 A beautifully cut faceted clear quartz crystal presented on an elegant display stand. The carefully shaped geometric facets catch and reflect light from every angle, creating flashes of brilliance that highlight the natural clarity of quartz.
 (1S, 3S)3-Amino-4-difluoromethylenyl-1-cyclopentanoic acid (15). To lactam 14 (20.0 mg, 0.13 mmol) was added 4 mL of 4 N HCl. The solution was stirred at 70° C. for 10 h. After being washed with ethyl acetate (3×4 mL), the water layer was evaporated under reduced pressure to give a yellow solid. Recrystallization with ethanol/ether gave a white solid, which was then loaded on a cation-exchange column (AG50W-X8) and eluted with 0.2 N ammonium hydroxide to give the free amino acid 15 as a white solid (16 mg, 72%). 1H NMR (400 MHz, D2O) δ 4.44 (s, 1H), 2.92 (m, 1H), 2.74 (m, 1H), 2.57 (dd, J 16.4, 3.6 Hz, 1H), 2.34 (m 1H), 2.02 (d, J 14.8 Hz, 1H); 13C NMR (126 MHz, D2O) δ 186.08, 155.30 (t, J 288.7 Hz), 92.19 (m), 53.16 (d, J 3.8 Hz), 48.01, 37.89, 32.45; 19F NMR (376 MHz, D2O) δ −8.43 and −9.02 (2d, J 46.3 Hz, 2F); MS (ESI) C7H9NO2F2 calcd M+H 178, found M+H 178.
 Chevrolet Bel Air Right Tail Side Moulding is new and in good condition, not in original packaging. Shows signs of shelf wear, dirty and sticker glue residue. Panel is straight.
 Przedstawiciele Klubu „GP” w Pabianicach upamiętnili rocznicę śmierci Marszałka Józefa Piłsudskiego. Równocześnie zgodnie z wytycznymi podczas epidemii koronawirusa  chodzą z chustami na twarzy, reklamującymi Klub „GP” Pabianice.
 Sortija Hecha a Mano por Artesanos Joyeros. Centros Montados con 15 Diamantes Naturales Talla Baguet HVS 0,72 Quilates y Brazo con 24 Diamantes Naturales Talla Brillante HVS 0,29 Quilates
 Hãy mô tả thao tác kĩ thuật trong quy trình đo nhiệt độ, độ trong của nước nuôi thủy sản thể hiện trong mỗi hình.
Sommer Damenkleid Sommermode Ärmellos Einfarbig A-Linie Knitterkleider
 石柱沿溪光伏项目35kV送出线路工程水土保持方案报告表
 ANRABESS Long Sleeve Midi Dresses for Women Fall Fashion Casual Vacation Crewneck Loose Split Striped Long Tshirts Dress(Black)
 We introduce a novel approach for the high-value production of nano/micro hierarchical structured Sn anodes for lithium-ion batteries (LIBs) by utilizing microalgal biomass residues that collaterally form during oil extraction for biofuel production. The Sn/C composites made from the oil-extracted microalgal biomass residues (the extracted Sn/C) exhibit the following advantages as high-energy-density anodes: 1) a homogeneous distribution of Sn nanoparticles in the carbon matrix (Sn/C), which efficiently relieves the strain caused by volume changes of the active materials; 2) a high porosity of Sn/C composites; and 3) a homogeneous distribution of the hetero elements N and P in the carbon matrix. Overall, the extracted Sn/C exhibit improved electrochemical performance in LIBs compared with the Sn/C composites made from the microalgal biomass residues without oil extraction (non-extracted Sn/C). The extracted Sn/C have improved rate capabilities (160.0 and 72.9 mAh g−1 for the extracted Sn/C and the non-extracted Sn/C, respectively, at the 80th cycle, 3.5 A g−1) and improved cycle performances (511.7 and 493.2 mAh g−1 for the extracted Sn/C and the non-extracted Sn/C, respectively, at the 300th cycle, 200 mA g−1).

+ + + + + + +

#### EXERCISE BRIEF
The response should consist of all the entries, copied without any alteration.

#### RESULT FOR THIS TASK
 A beautifully cut faceted clear quartz crystal presented on an elegant display stand. The carefully shaped geometric facets catch and reflect light from every angle, creating flashes of brilliance that highlight the natural clarity of quartz.
 (1S, 3S)3-Amino-4-difluoromethylenyl-1-cyclopentanoic acid (15). To lactam 14 (20.0 mg, 0.13 mmol) was added 4 mL of 4 N HCl. The solution was stirred at 70° C. for 10 h. After being washed with ethyl acetate (3×4 mL), the water layer was evaporated under reduced pressure to give a yellow solid. Recrystallization with ethanol/ether gave a white solid, which was then loaded on a cation-exchange column (AG50W-X8) and eluted with 0.2 N ammonium hydroxide to give the free amino acid 15 as a white solid (16 mg, 72%). 1H NMR (400 MHz, D2O) δ 4.44 (s, 1H), 2.92 (m, 1H), 2.74 (m, 1H), 2.57 (dd, J 16.4, 3.6 Hz, 1H), 2.34 (m 1H), 2.02 (d, J 14.8 Hz, 1H); 13C NMR (126 MHz, D2O) δ 186.08, 155.30 (t, J 288.7 Hz), 92.19 (m), 53.16 (d, J 3.8 Hz), 48.01, 37.89, 32.45; 19F NMR (376 MHz, D2O) δ −8.43 and −9.02 (2d, J 46.3 Hz, 2F); MS (ESI) C7H9NO2F2 calcd M+H 178, found M+H 178.
 Chevrolet Bel Air Right Tail Side Moulding is new and in good condition, not in original packaging. Shows signs of shelf wear, dirty and sticker glue residue. Panel is straight.
 Przedstawiciele Klubu „GP” w Pabianicach upamiętnili rocznicę śmierci Marszałka Józefa Piłsudskiego. Równocześnie zgodnie z wytycznymi podczas epidemii koronawirusa  chodzą z chustami na twarzy, reklamującymi Klub „GP” Pabianice.
 Sortija Hecha a Mano por Artesanos Joyeros. Centros Montados con 15 Diamantes Naturales Talla Baguet HVS 0,72 Quilates y Brazo con 24 Diamantes Naturales Talla Brillante HVS 0,29 Quilates
 Hãy mô tả thao tác kĩ thuật trong quy trình đo nhiệt độ, độ trong của nước nuôi thủy sản thể hiện trong mỗi hình.
Sommer Damenkleid Sommermode Ärmellos Einfarbig A-Linie Knitterkleider
 石柱沿溪光伏项目35kV送出线路工程水土保持方案报告表
 ANRABESS Long Sleeve Midi Dresses for Women Fall Fashion Casual Vacation Crewneck Loose Split Striped Long Tshirts Dress(Black)
 We introduce a novel approach for the high-value production of nano/micro hierarchical structured Sn anodes for lithium-ion batteries (LIBs) by utilizing microalgal biomass residues that collaterally form during oil extraction for biofuel production. The Sn/C composites made from the oil-extracted microalgal biomass residues (the extracted Sn/C) exhibit the following advantages as high-energy-density anodes: 1) a homogeneous distribution of Sn nanoparticles in the carbon matrix (Sn/C), which efficiently relieves the strain caused by volume changes of the active materials; 2) a high porosity of Sn/C composites; and 3) a homogeneous distribution of the hetero elements N and P in the carbon matrix. Overall, the extracted Sn/C exhibit improved electrochemical performance in LIBs compared with the Sn/C composites made from the microalgal biomass residues without oil extraction (non-extracted Sn/C). The extracted Sn/C have improved rate capabilities (160.0 and 72.9 mAh g−1 for the extracted Sn/C and the non-extracted Sn/C, respectively, at the 80th cycle, 3.5 A g−1) and improved cycle performances (511.7 and 493.2 mAh g−1 for the extracted Sn/C and the non-extracted Sn/C, respectively, at the 300th cycle, 200 mA g−1).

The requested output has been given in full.